UK House of Books publishes a ‘dismal and depressing’ history

UK House of Books publishes a ‘dismal and depressing’ history

The British House of Literature has published a book titled “A Brief History of Zimbabwe: A Diaspora History,” in which the authors detail the history of the country since independence in 1980.

The book is the first of its kind to be published in Zimbabwe, and is a “dismembered and depressing” look at the country, according to the book’s publisher, Marylebone House Publishing House.

“The country is a country where the people have been suffering for decades,” the authors write in the introduction to the publication.

“A vast majority of the people do not have enough to eat, the water has been poisoned for generations, and the majority are denied basic civil rights.

The people are being systematically disenfranchised, harassed and harassed by the government.”

The book covers the period from the late 19th century to the 1980s, detailing how a “black market economy” flourished in Zimbabwe and how many Africans fled to neighbouring countries in the 1970s.

“We must now take this history into our own hands and create a narrative for the future,” the book says.

The authors of the book, a group of former academics and writers, say they are “deeply saddened” by the book.

“This is the saddest and most depressing book that we’ve ever written,” one of the authors, Mgwede Ntibhanga, told The Hill.

The other two authors, Michael Tshweta and John Ntaba, are also writing the book as part of a project that is trying to create a “reimagining of history” in Zimbabwe.

The group published a report titled “Our Misguided History,” published in October 2016, which details how the country was “destroyed” in the 1980’s and how the government and the ruling Zanu-PF party “turned a blind eye” to the atrocities.

The report called for the release of the political prisoners, who were held in concentration camps, but said the country remained “the most corrupt, least free, least democratic and least prosperous country in Africa.”

“The political prisoners are the heroes of our story,” the report said.

“The government, the party, the elites, the white elite all turned a blind and deaf eye to the systematic and systematic persecution of people by the Mugabe government.”

Read moreTrump signs military orders to boost US troop presence in AfricaThe report also said that Zimbabwe had “continued to fall behind on the transition to democracy” and that the country “is still suffering the legacy of apartheid.”

The authors say that they were forced to abandon their work in order to be able to “continue our work.”

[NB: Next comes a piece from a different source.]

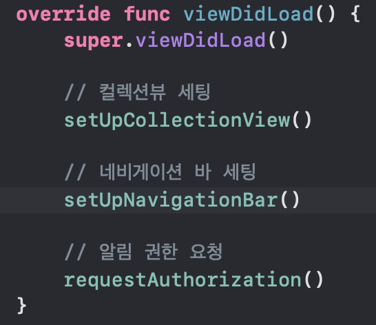 5. 뷰컨트롤러에 필요한 세팅을 할 때, 메서드로 해보기
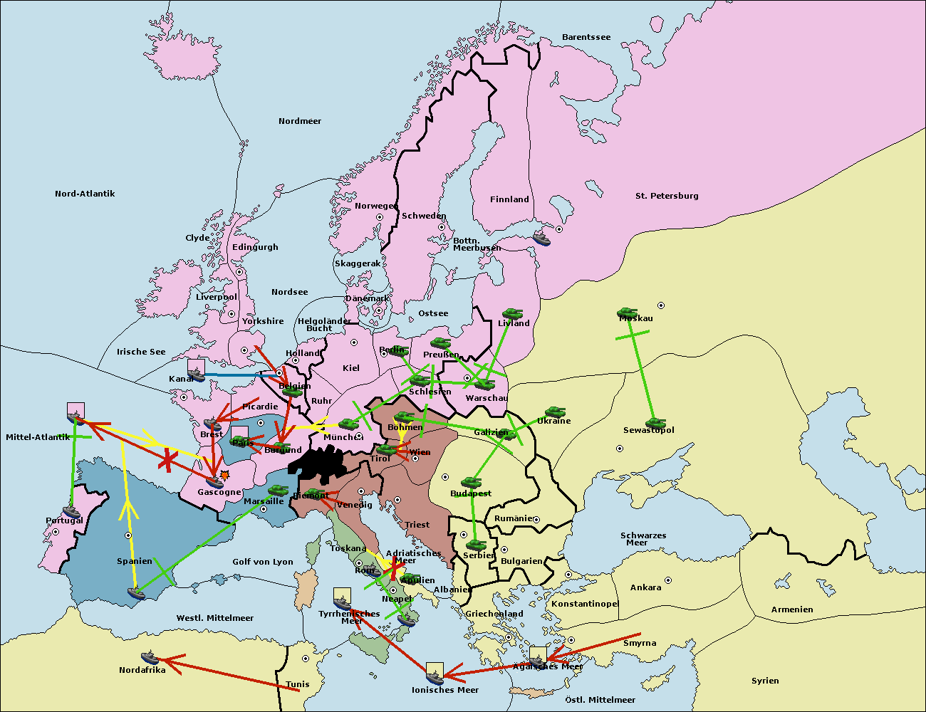 • Die Flotte in Spanien (Südküste) support move nach Marseille von Burgund.

“We are trying to change history by telling the story of how we became involved in Zimbabwe,” Tshwoaso told TheHill.

“We wanted to make it as honest and as factual as possible, but we did not want to get too involved in the politics of the moment.

We were trying to tell a story that was not political, not ideological.”

The country’s opposition party, Zimbabwe Voice, slammed the publication of the new book.”[This book] is a book that shows how the Zimbabweans are the ones who are suffering most from our mismanaged economy, our failed economy, the lack of basic civil and human rights, the absence of democracy, the complete inability to run our country and to govern,” ZV’s chief executive, Stephen Mgogo, said in a statement.

The new book, however, is not the first time that the government has published information about the country.

Last year, the government published a “white paper” on how the nation had “lost a great deal of its cultural and intellectual heritage.”

The paper said the government had been “undermining the Zimbabwean nation’s culture and heritage” for decades.

“What is most alarming is that a lot of the information that has been published and given to the public by the previous government has been a complete fabrication,” Zweli Zwabe, the leader of Zimbabwe’s opposition Movement for Democratic Change, told reporters at the time.